» Problem: Nothing but an exact copy is asked for: the lines in the material below from the one with "オフロードの林道を10分歩い" through the one with "Cabeceira Cama Box", pictures excluded.

» Provided data:
--

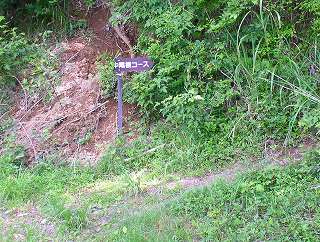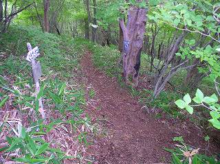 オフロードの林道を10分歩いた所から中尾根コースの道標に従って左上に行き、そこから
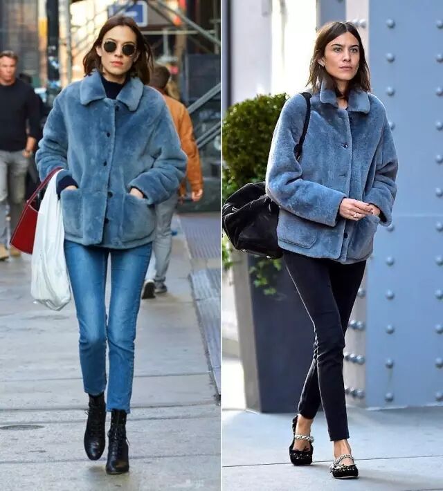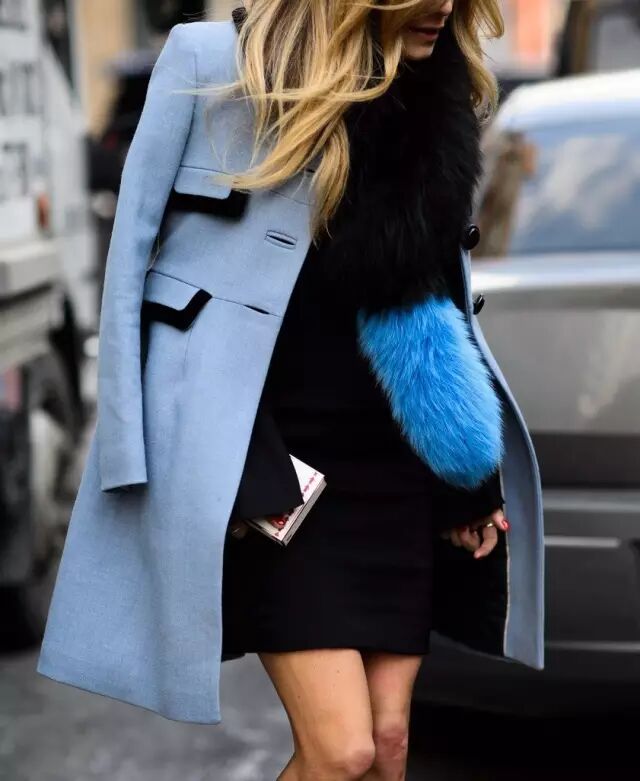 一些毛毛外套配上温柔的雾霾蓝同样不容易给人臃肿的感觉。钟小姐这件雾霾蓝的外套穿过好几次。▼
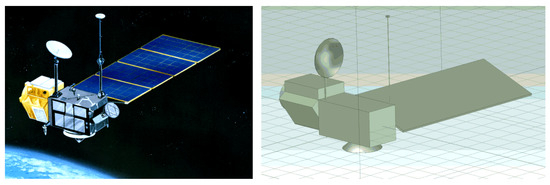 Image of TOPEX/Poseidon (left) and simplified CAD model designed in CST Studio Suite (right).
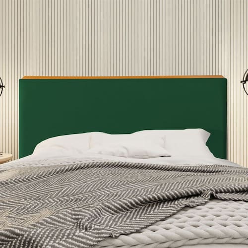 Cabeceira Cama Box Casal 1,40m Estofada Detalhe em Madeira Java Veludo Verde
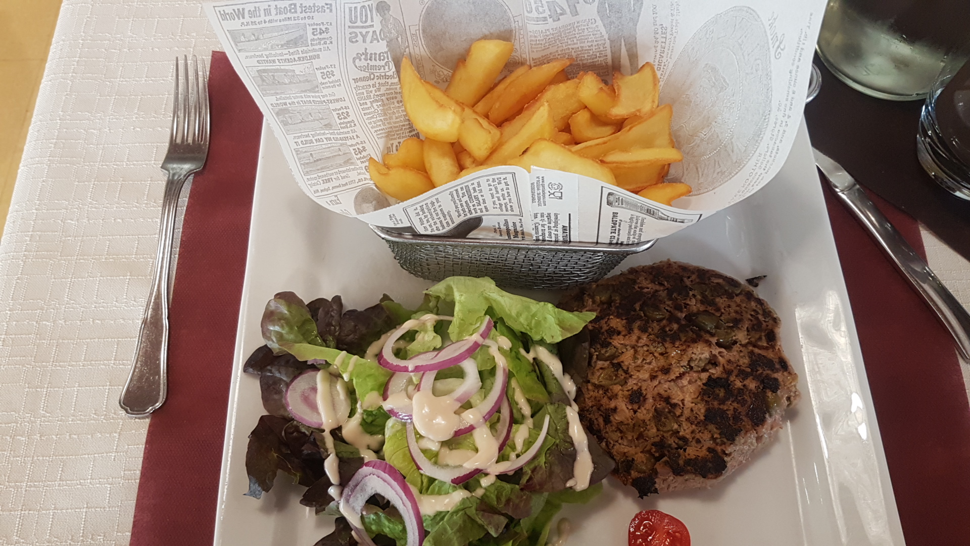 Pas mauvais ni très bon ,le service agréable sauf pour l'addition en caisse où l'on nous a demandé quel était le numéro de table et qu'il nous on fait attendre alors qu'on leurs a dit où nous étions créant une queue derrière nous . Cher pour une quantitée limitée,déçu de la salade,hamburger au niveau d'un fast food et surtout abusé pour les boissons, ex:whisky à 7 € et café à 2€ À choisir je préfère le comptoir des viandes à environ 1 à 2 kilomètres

--

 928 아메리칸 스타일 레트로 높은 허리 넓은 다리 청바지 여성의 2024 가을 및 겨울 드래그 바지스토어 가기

--

» Worked solution:
 オフロードの林道を10分歩いた所から中尾根コースの道標に従って左上に行き、そこから
 一些毛毛外套配上温柔的雾霾蓝同样不容易给人臃肿的感觉。钟小姐这件雾霾蓝的外套穿过好几次。▼
 Image of TOPEX/Poseidon (left) and simplified CAD model designed in CST Studio Suite (right).
 Cabeceira Cama Box Casal 1,40m Estofada Detalhe em Madeira Java Veludo Verde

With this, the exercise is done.